Ask HN: How to clone Stripe webhooks - logvol

Stripe has a great API. Pretty much everyone I&#x27;ve talked to about it agrees, and it&#x27;s often cited as a solid example of a best practice.<p>One of the best parts is their webhooks. The question is: how can I clone them?<p>I read in a blog post somewhere that the webhooks are based in large part upon a MongoDB collection that acts as a message queue. Sounds like a solid piece of advice, and I understand how Mongo&#x27;s non-relational data storage makes for a pretty slick way of persisting events&#x2F;messages. Besides that... any other hints? I&#x27;m look at you, Stripe devs.<p>Alternatively, are there SaaS services or open source libraries that help with this problem or am I stuck re-inventing the wheel?
======
patio11
Version 1.0 can be out in an hour and requires one page to register webhooks,
one place to store outgoing event data (which can be in anything -- a SQL
database with a column representing a JSON bag-of-serialized-attributes will
work fine), and a cron job. The minimum implementation is not difficult
engineering.

A lot about what Stripe does right is in the ancillary bits about consuming
their webhooks:

1) Spend a lot of time thinking about what your retry policy is. Some service
providers (including ones which I like) will do one callback and then not
retry. This is often suboptimal for consumers. I personally like "retrying
with expotential decay", which is a nice balance between "You get your webhook
really, really quickly if a gremlin just happened to eat the first one" and
"If your servers are experiencing hard downtime, we won't add to the problem
by pinging the heck out of you."

2) There is no SaaS or open source option for "Have great documentation, at
once both comprehensive and easy to consume for the goal-oriented developer."
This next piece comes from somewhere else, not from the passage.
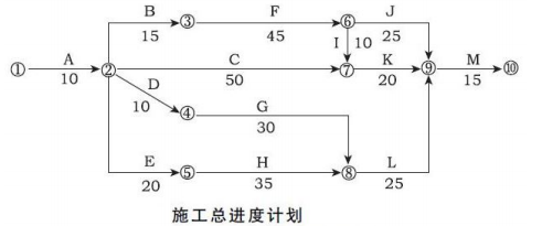 <3>.关键线路:①→②→③→⑥→⑦→⑨→⑩(或A→B→F→I→K→M);总工期:115天。
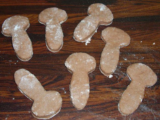 Из оставленного кусочка теста делаю грибочки выдавливая формочкой.Так же выпекаю с коржами,но вытаскиваю грибочки раньше.

3) There are a lot of failure modes for webhook systems, some of which you'll
only discover when operating them. Transient network problems between your
application and the consumer's. "Failure to agree on reality" between
different moving parts of your application. Adding webhooks to the outgoing
queue in a non-idempotent fashion, which seems to be one of the great Let Me
Tell You About This One Timee stories in systems engineering. Timing issues
with consumers receiving webhooks in an order other than that which they would
logically expect, which might not be your problem but good luck convincing a
customer of that.

You'll want to have instrumentation and monitoring up that wazoo, so you can
resolve these little usage niggles. This boring, iterative execution on the
base feature is approximately 99% of why really well-executed APIs (like
Stripe or Twilio or whomever) are really fun to work with and, well, why there
exist some APIs which are less fun to work with.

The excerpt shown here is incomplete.